Exercise aim:
In the entries below, which lines run from the one with "Up for grabs" through the one with "Sempervivum are evergreen"? Repeat exactly those, both included, and no pictures.

Records from a collection:
━━━━━━━━━━━━━━━━
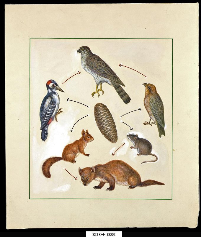 На листе вертикального формата в зеленой рамке изображены схематично пищевые цепи с еловой шишкой посередине. Вверху слева - большой пестрый дятел; вверху справа - клест. К ним от шишки идут черные стрелки. От птиц вверх идут красные стрелки; вверху в центре листа изображен ястреб-тетеревятник. Внизу слева изображена белка, справа - мышь. К ним от шишки идут черные стрелки. В центре внизу изображена куница, к ней идут красные стрелки от белки и мыши.
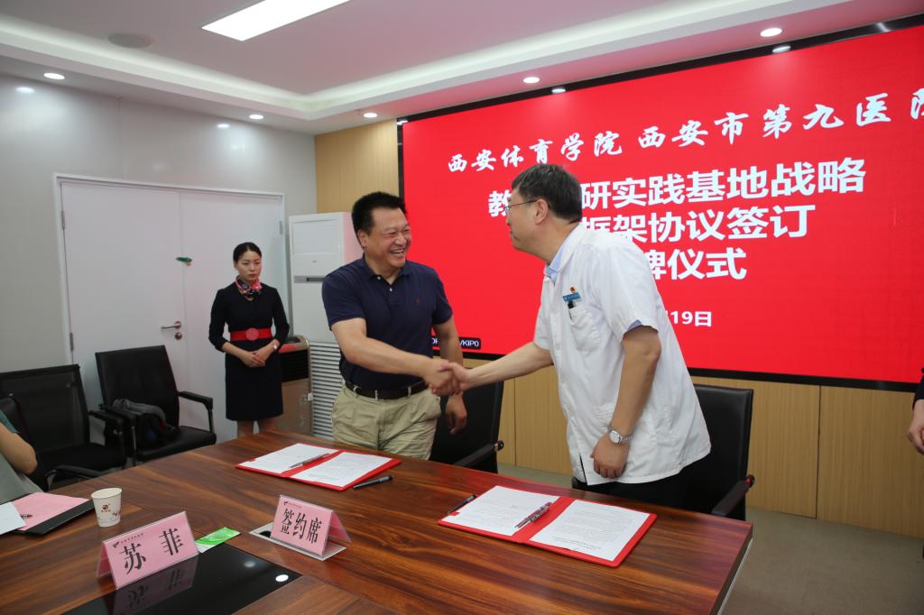 西安市第九医院院长党明海、党委书记郑菊贤、纪委书记胡翔、总会计师梁照国、副院长沈滨、吴周虎、黄垚及部分职能科室负责人出席。1683168诸侯快讯官网副校长陈彦教授,教务处处长张葆欣教授、运动与健康科学学院党委书记刘勇教授、院长刘涛教授、教学实验医院院长何昌谋、运动与健康科学学院副院长刘军教授、党政办主任王言昭、学工办主任苏菲参加了签约仪式。仪式由市九院党委书记郑菊贤主持。
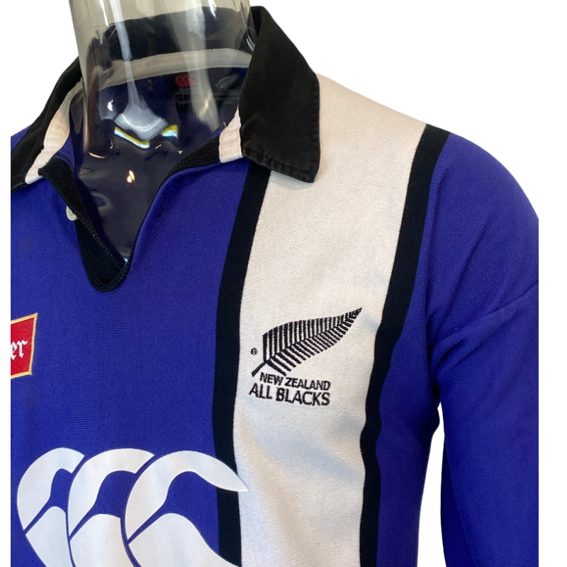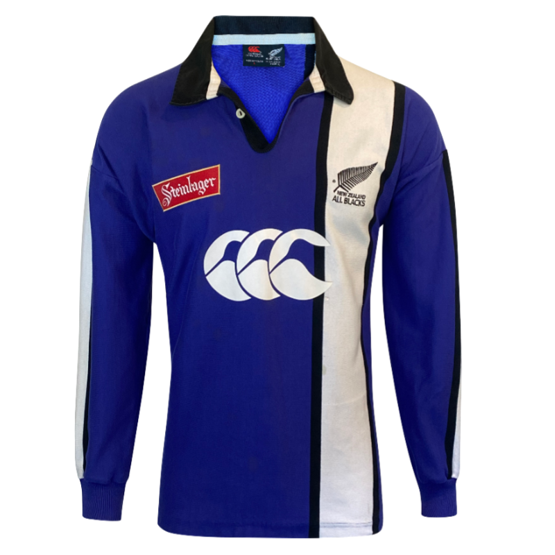 Up for grabs is this unique 1997 All Blacks training jersey in long sleeve. A popular training jersey featuring the Canterbury of New Zealand CCC logo on the front as well as the Steinlager logo. The jersey is in very good condition. The only flaws are some light staining on the front of the jersey however this is very faint and has improved with washing. A picture has been included to try capture this so please review. Tagged Large this jersey fits true to size.
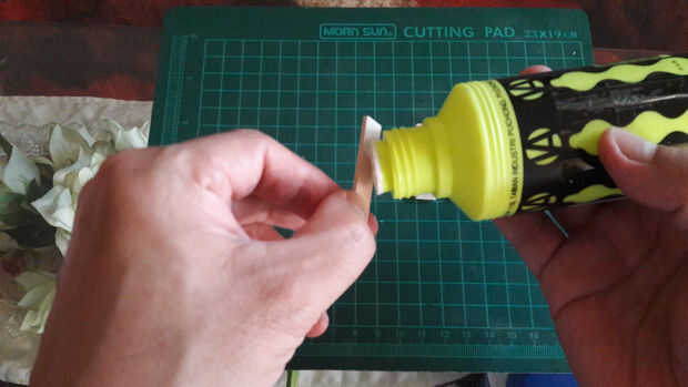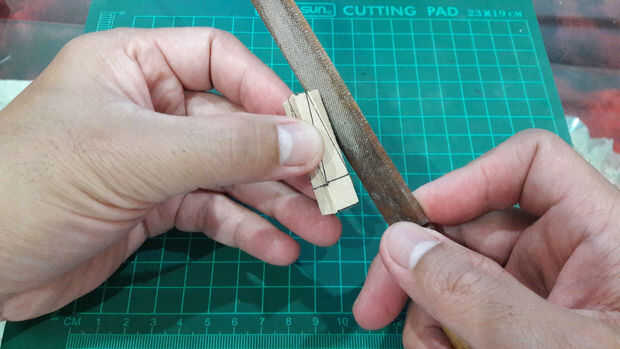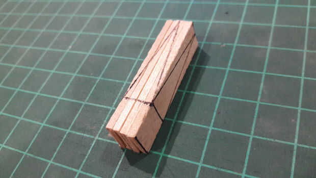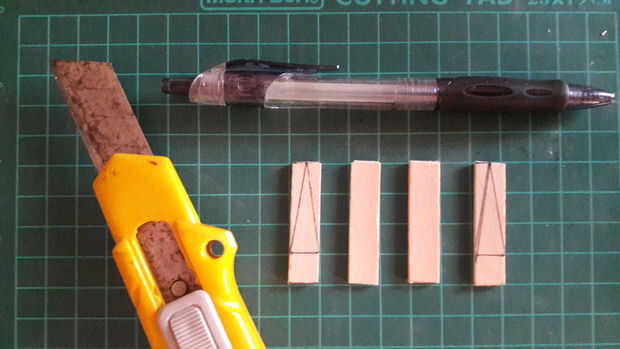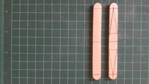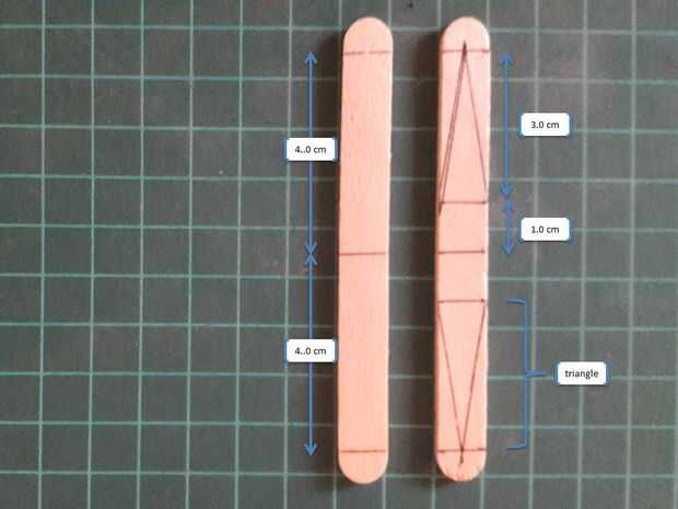 Tomar 2 palito de helado y dibujar unas líneas (diagrama de la imagen). Luego, cortar los palitos y tengo 4 partes. A continuación, pegarlos juntos y archivo la superficie según las líneas.
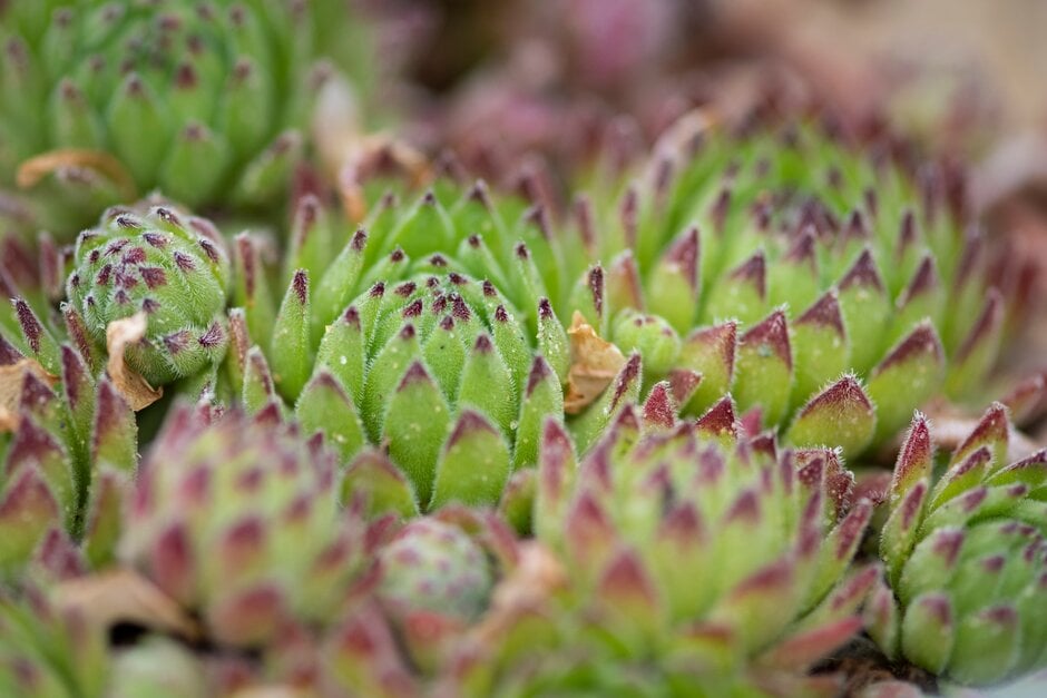 Sempervivum are evergreen perennials forming mats of fleshy-leaved rosettes, often attractively coloured, with star-shaped pink or pale yellow flowers in summer
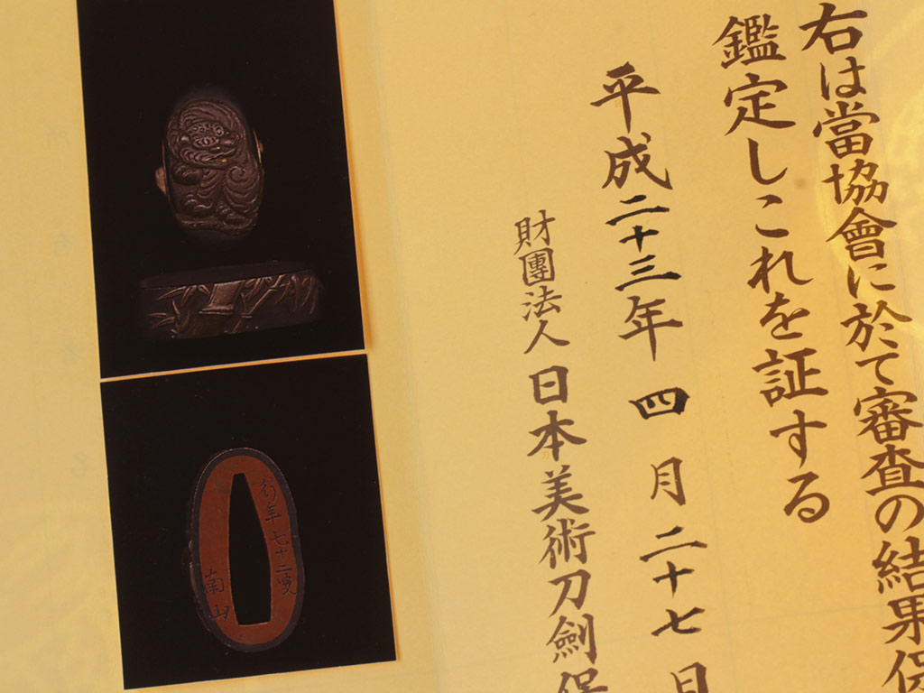 Клинок с экспертным заключением NBTHK и имеет статус "Оберегаемый меч". Тосоги также с экспертным заключением NBTHK и имеет статус "Оберегаемый". В комплект входит сира-сая для хранения клинка, а также чехол для хранения меча и оправы.
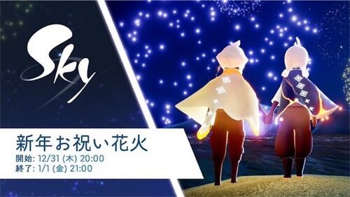 フレンドさんと一緒に、ホームで毎時5分間打ちあがる花火を楽しみながら、Skyで新年をお祝いしませんか🎇 ⏰この光のショーは日本時間で12/31(木)20:00から1/1(金)21:00まで続きます。全ての星の子どもたちが、よいお年を迎えられますように!#thatskygame 楽し…
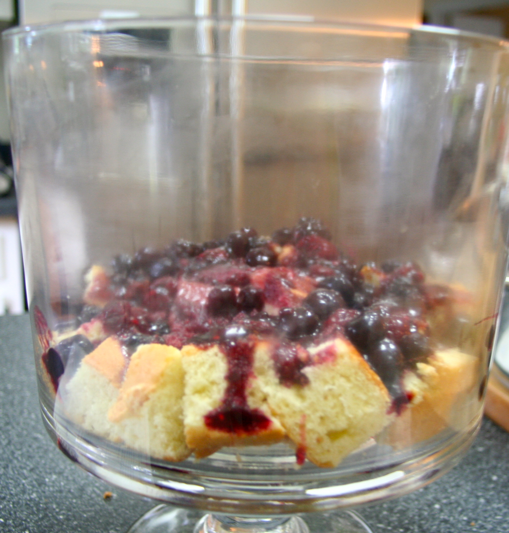 Using a ladle, spoon 1/2 the berry compote evenly over the sponge.
━━━━━━━━━━━━━━━━
Solution for this problem:
 Up for grabs is this unique 1997 All Blacks training jersey in long sleeve. A popular training jersey featuring the Canterbury of New Zealand CCC logo on the front as well as the Steinlager logo. The jersey is in very good condition. The only flaws are some light staining on the front of the jersey however this is very faint and has improved with washing. A picture has been included to try capture this so please review. Tagged Large this jersey fits true to size.
 Tomar 2 palito de helado y dibujar unas líneas (diagrama de la imagen). Luego, cortar los palitos y tengo 4 partes. A continuación, pegarlos juntos y archivo la superficie según las líneas.
 Sempervivum are evergreen perennials forming mats of fleshy-leaved rosettes, often attractively coloured, with star-shaped pink or pale yellow flowers in summer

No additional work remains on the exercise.